Required action:
Would you copy exactly the lines in the data below from the one that has "云南云景林業(yè)開發(f" through the one that has "綠領行動(原綠色學生聯會)一", dropping any pictures?

Raw data:
= = = =

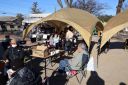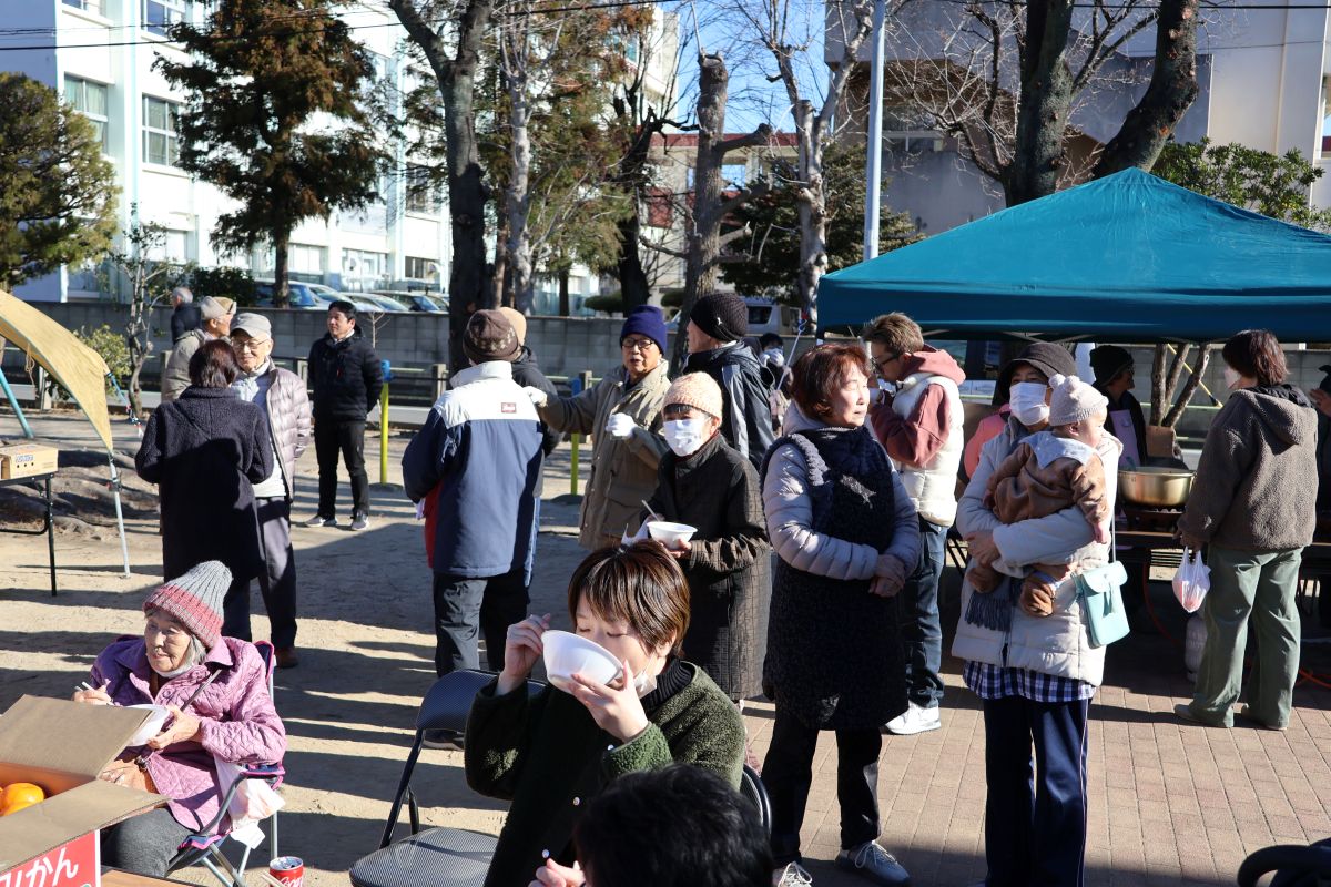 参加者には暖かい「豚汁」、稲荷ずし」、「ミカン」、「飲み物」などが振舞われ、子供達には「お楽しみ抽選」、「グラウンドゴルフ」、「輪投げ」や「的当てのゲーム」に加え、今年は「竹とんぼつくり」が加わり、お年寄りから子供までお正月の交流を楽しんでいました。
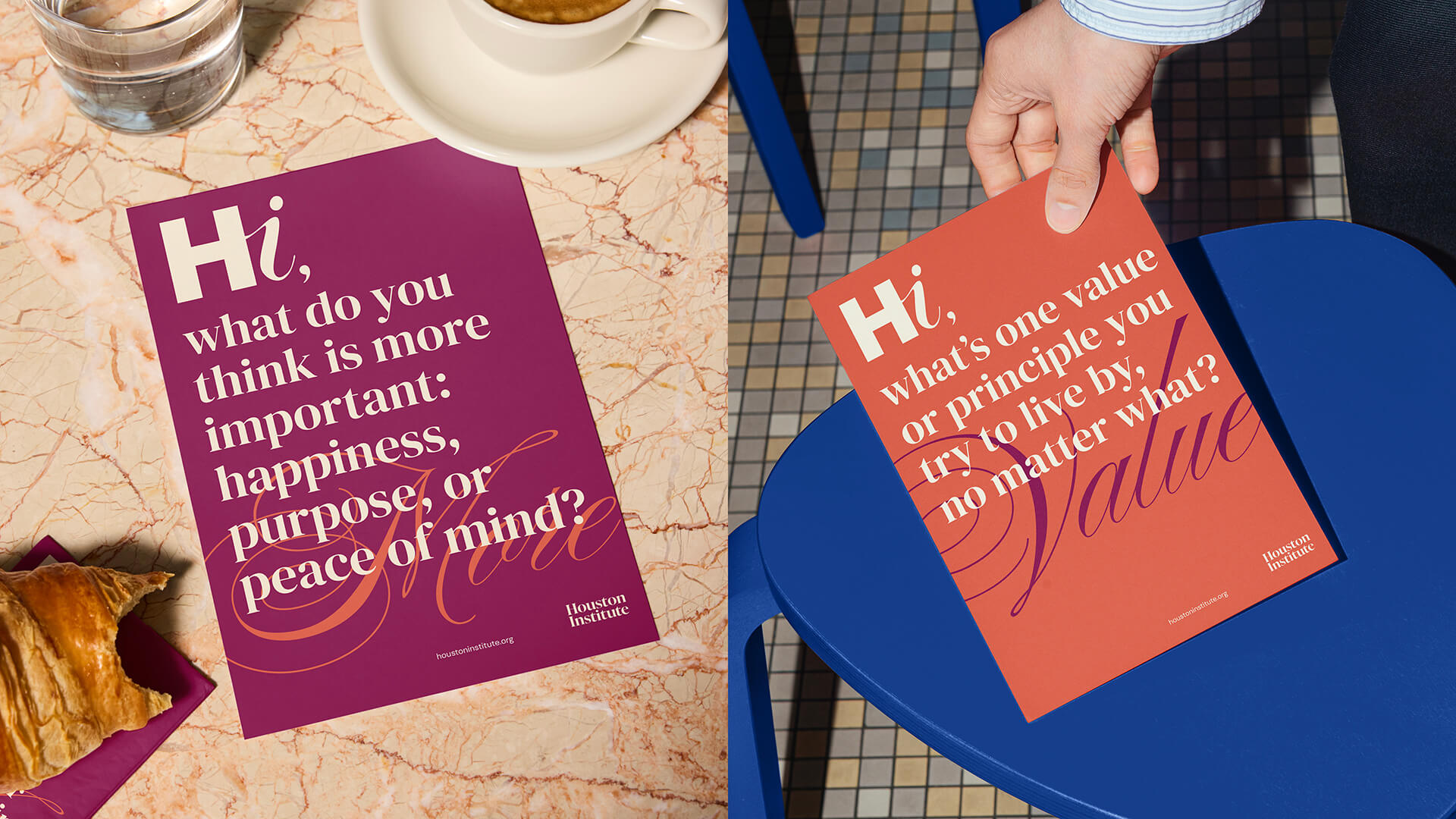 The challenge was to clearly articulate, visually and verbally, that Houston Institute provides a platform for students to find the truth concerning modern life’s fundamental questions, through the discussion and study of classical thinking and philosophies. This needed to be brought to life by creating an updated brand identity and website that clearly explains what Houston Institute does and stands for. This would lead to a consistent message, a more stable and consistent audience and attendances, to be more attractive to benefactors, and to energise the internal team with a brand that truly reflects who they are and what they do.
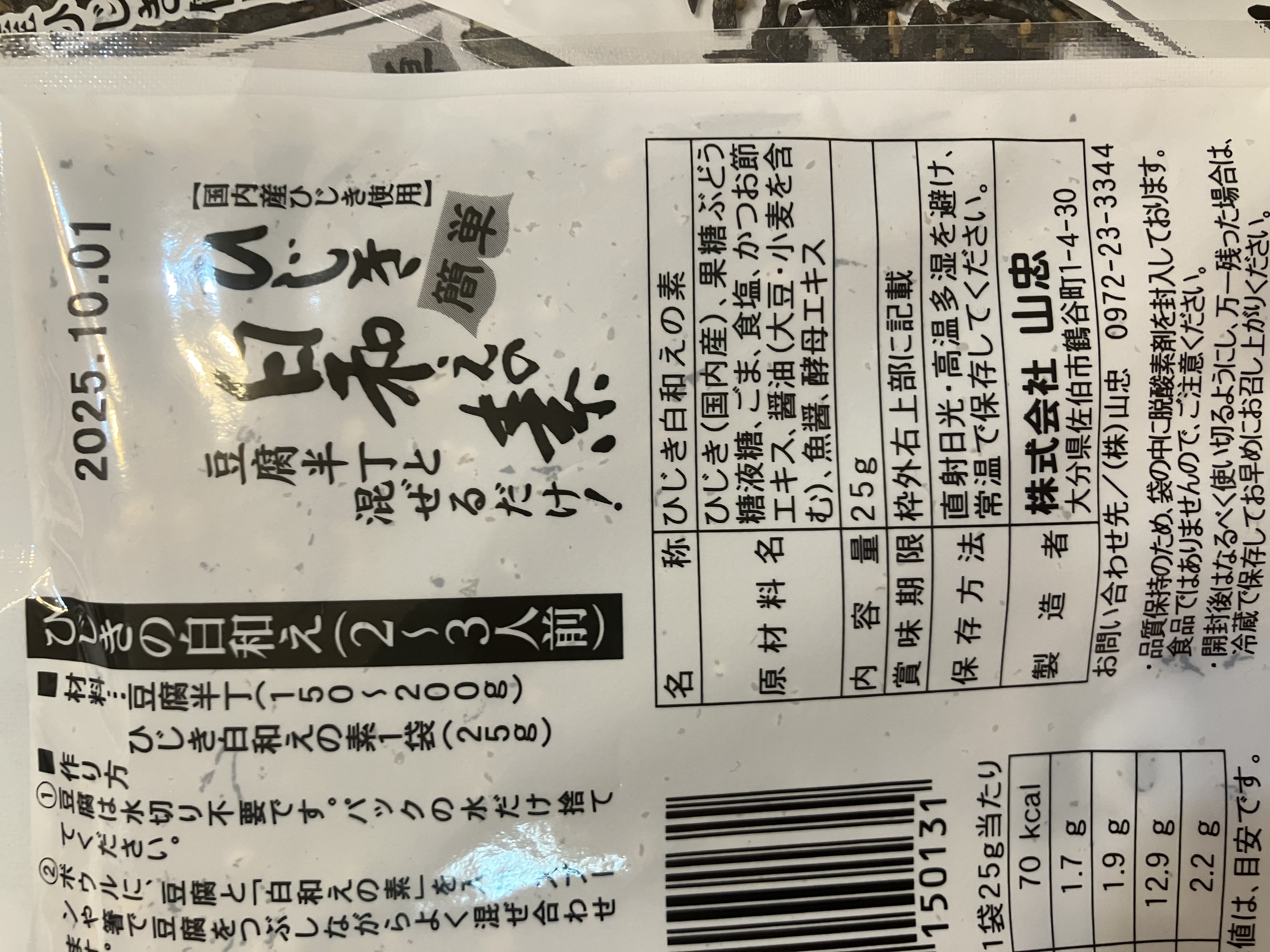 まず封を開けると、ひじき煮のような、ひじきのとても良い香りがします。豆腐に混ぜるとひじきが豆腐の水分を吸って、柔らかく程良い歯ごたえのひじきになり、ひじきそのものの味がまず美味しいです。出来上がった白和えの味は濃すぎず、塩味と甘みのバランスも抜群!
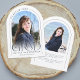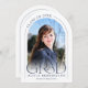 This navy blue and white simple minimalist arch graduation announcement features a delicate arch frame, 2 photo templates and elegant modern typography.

= = = =

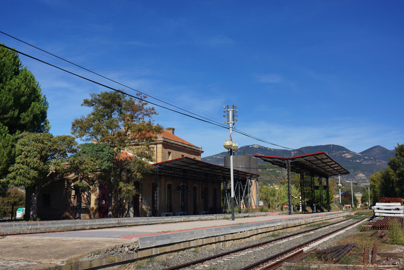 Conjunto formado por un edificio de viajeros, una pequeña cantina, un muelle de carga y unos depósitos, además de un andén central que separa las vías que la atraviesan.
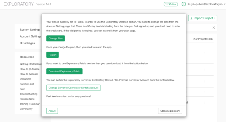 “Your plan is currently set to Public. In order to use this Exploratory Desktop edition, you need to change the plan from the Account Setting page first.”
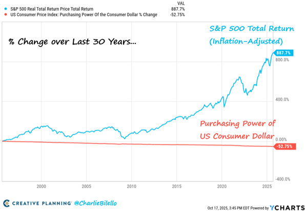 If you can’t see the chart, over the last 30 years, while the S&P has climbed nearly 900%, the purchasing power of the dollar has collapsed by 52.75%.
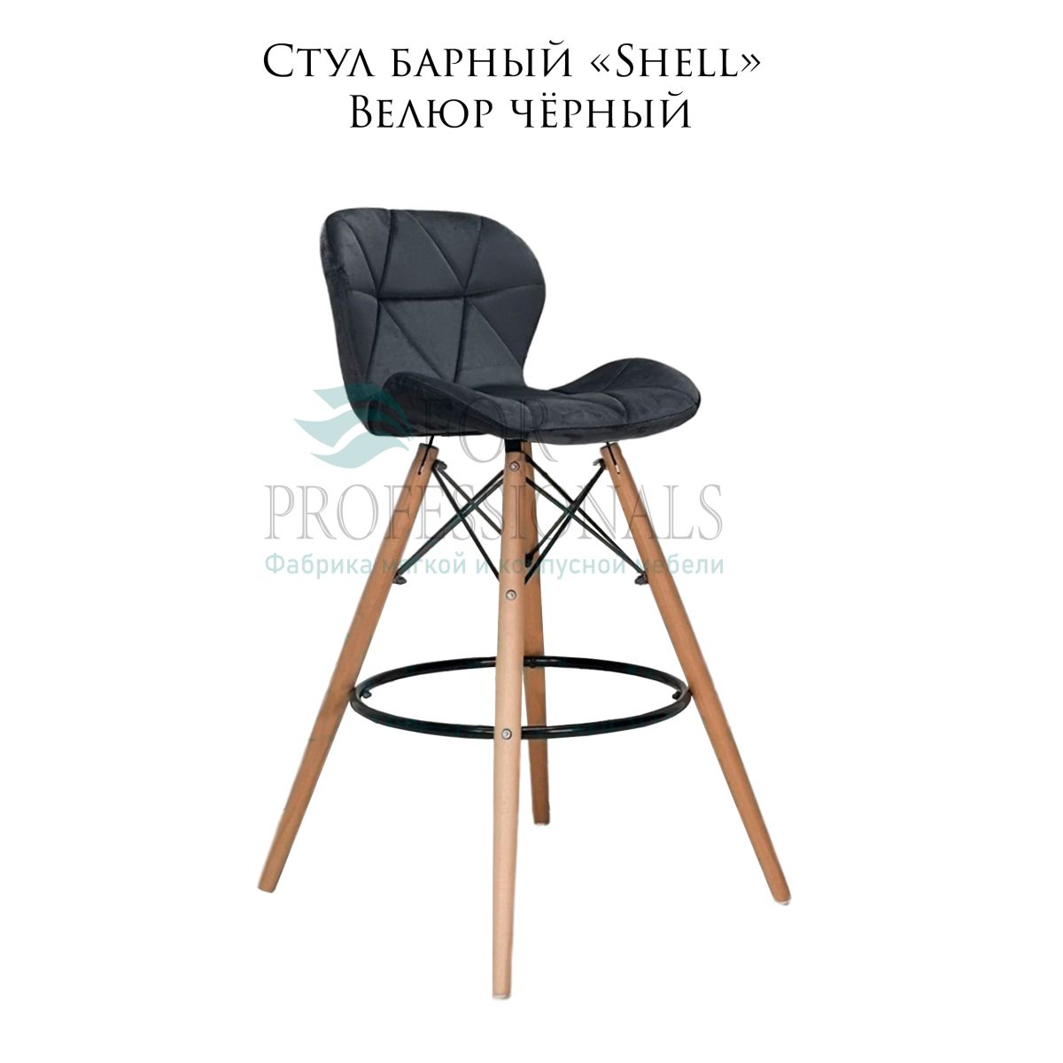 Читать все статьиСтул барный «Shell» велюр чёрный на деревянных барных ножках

= = = =

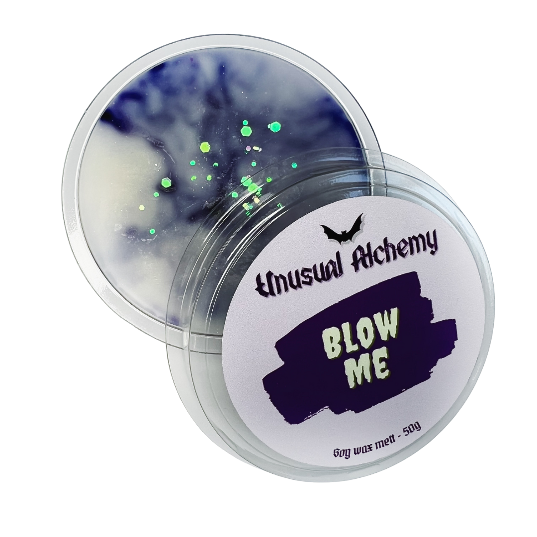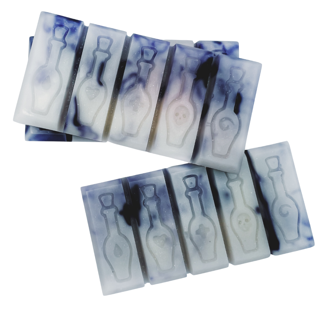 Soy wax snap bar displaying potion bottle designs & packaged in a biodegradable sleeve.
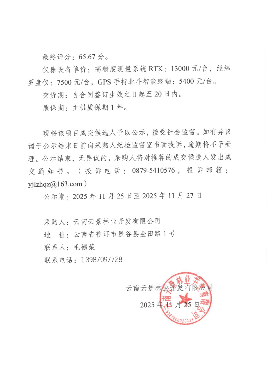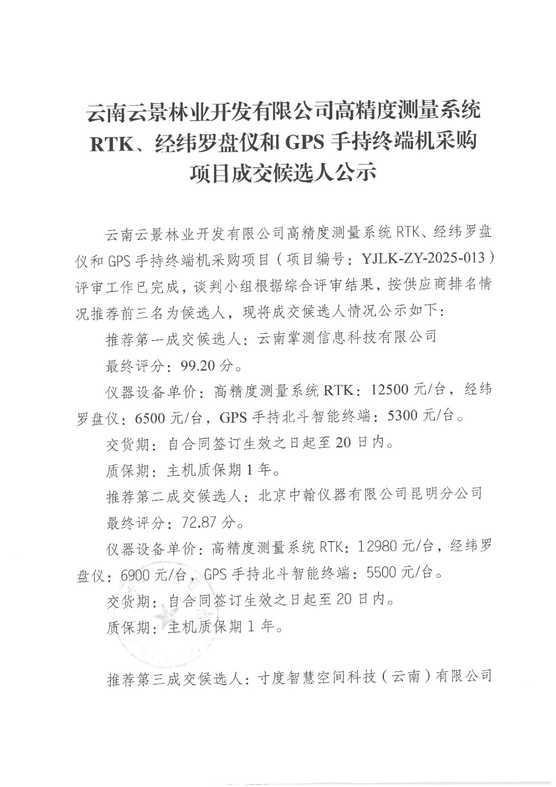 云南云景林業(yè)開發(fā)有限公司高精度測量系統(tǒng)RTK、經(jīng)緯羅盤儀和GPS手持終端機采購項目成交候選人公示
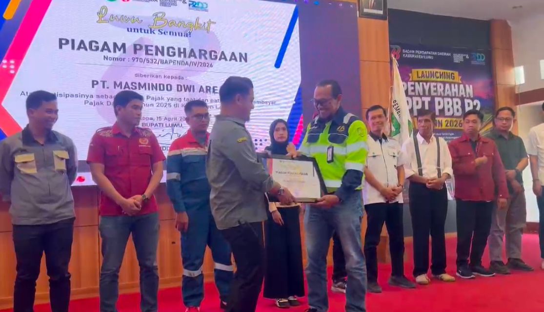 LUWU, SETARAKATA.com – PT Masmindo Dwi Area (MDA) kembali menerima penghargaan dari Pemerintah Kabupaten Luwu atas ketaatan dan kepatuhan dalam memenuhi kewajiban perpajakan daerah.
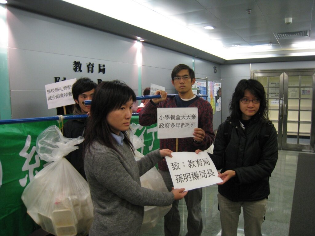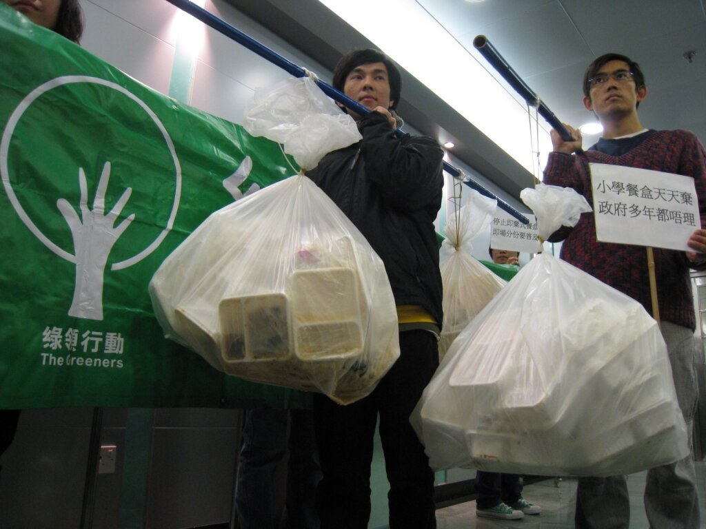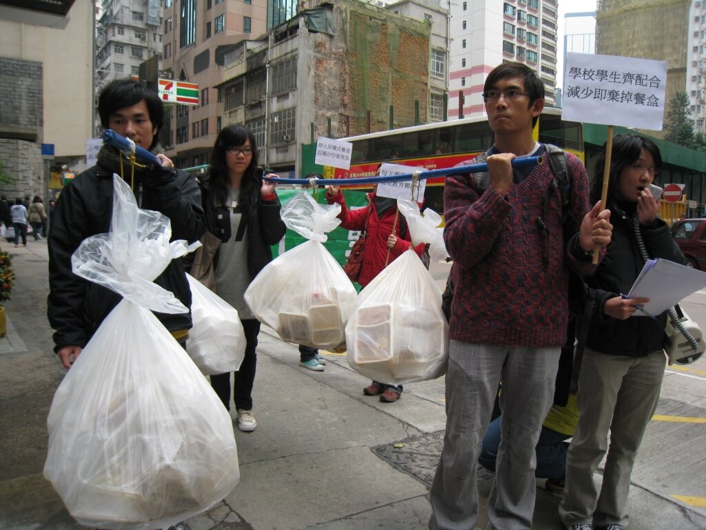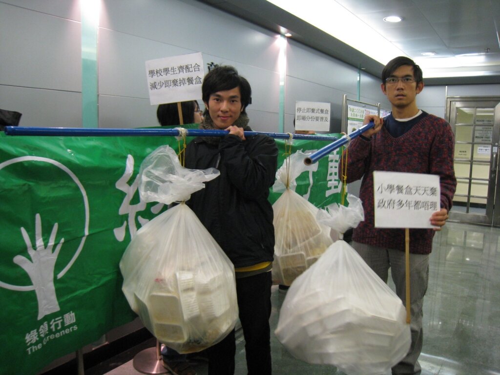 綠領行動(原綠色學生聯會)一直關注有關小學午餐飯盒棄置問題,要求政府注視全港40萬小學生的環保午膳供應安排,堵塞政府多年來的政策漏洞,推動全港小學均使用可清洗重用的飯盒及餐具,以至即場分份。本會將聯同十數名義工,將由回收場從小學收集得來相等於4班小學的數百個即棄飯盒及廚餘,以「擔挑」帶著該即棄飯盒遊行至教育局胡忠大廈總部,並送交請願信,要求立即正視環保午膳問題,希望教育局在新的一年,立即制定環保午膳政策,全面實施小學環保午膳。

= = = =

Completed exercise:
 云南云景林業(yè)開發(fā)有限公司高精度測量系統(tǒng)RTK、經(jīng)緯羅盤儀和GPS手持終端機采購項目成交候選人公示
 LUWU, SETARAKATA.com – PT Masmindo Dwi Area (MDA) kembali menerima penghargaan dari Pemerintah Kabupaten Luwu atas ketaatan dan kepatuhan dalam memenuhi kewajiban perpajakan daerah.
 綠領行動(原綠色學生聯會)一直關注有關小學午餐飯盒棄置問題,要求政府注視全港40萬小學生的環保午膳供應安排,堵塞政府多年來的政策漏洞,推動全港小學均使用可清洗重用的飯盒及餐具,以至即場分份。本會將聯同十數名義工,將由回收場從小學收集得來相等於4班小學的數百個即棄飯盒及廚餘,以「擔挑」帶著該即棄飯盒遊行至教育局胡忠大廈總部,並送交請願信,要求立即正視環保午膳問題,希望教育局在新的一年,立即制定環保午膳政策,全面實施小學環保午膳。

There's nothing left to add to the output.